▶ _INPUT DATA_:

□ □ □

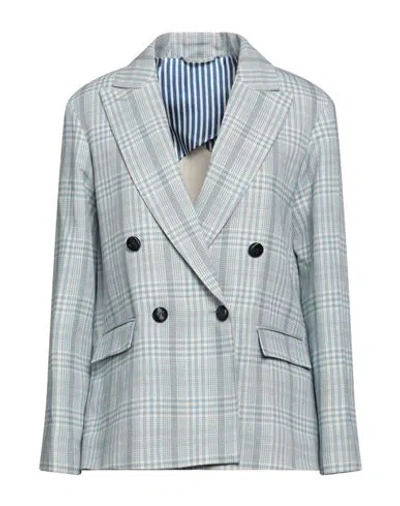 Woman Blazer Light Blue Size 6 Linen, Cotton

□ □ □

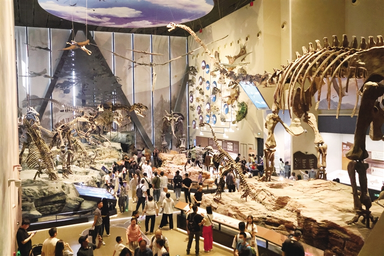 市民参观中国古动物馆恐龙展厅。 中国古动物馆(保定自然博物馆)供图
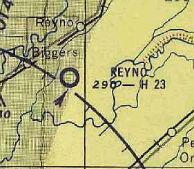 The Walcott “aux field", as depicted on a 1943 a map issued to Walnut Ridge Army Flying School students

□ □ □

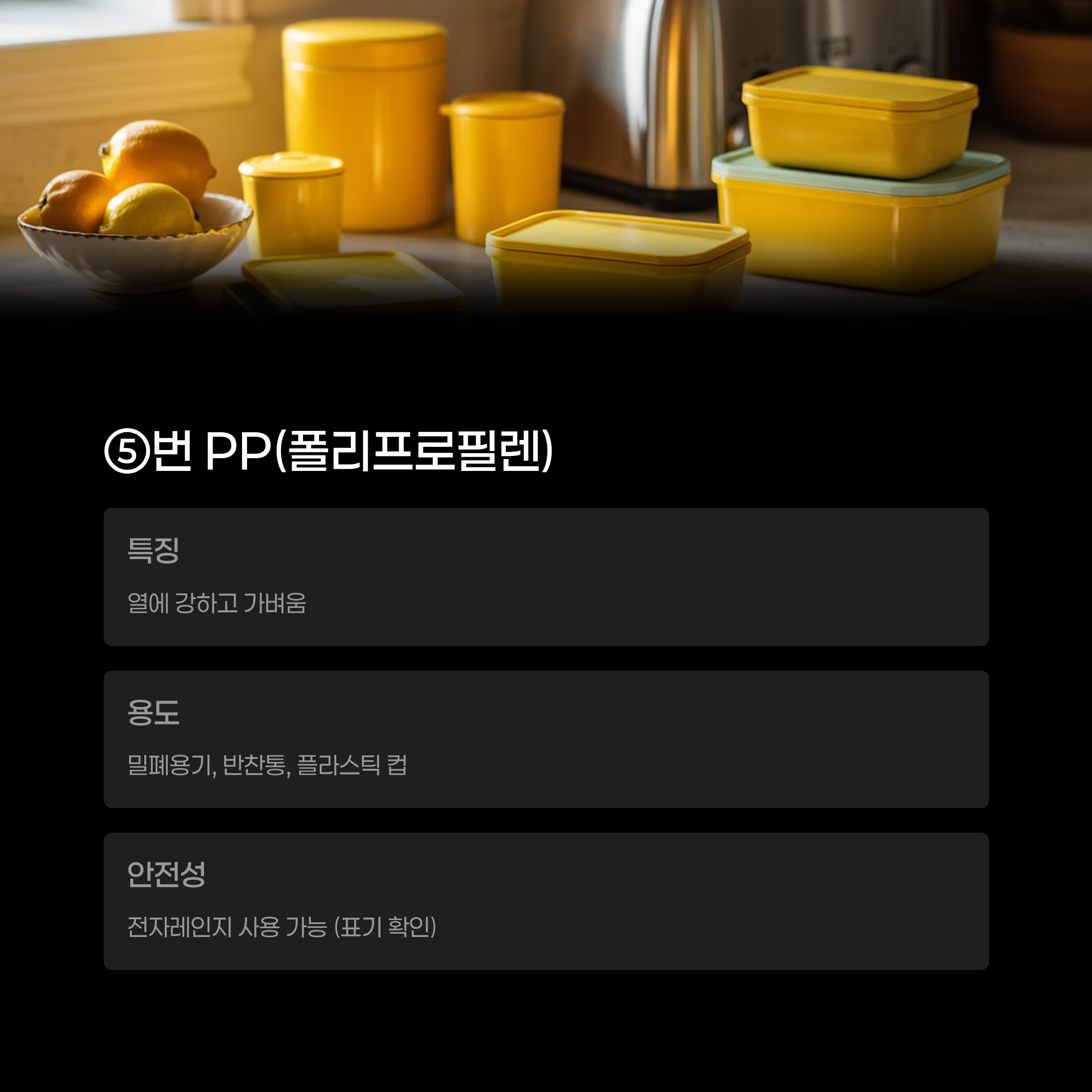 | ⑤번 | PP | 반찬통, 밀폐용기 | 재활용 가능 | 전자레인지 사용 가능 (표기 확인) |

□ □ □

▶ _TASK DIRECTIONS_: Output only the stretch above from the line with "市民参观中国古动物馆恐龙展厅。 中国古动物馆(保定自然博物馆)供图" through the line with "Flying School students", reproduced exactly. Exclude pictures.

▶ _ANSWER TO THIS EXERCISE_:
 市民参观中国古动物馆恐龙展厅。 中国古动物馆(保定自然博物馆)供图
 The Walcott “aux field", as depicted on a 1943 a map issued to Walnut Ridge Army Flying School students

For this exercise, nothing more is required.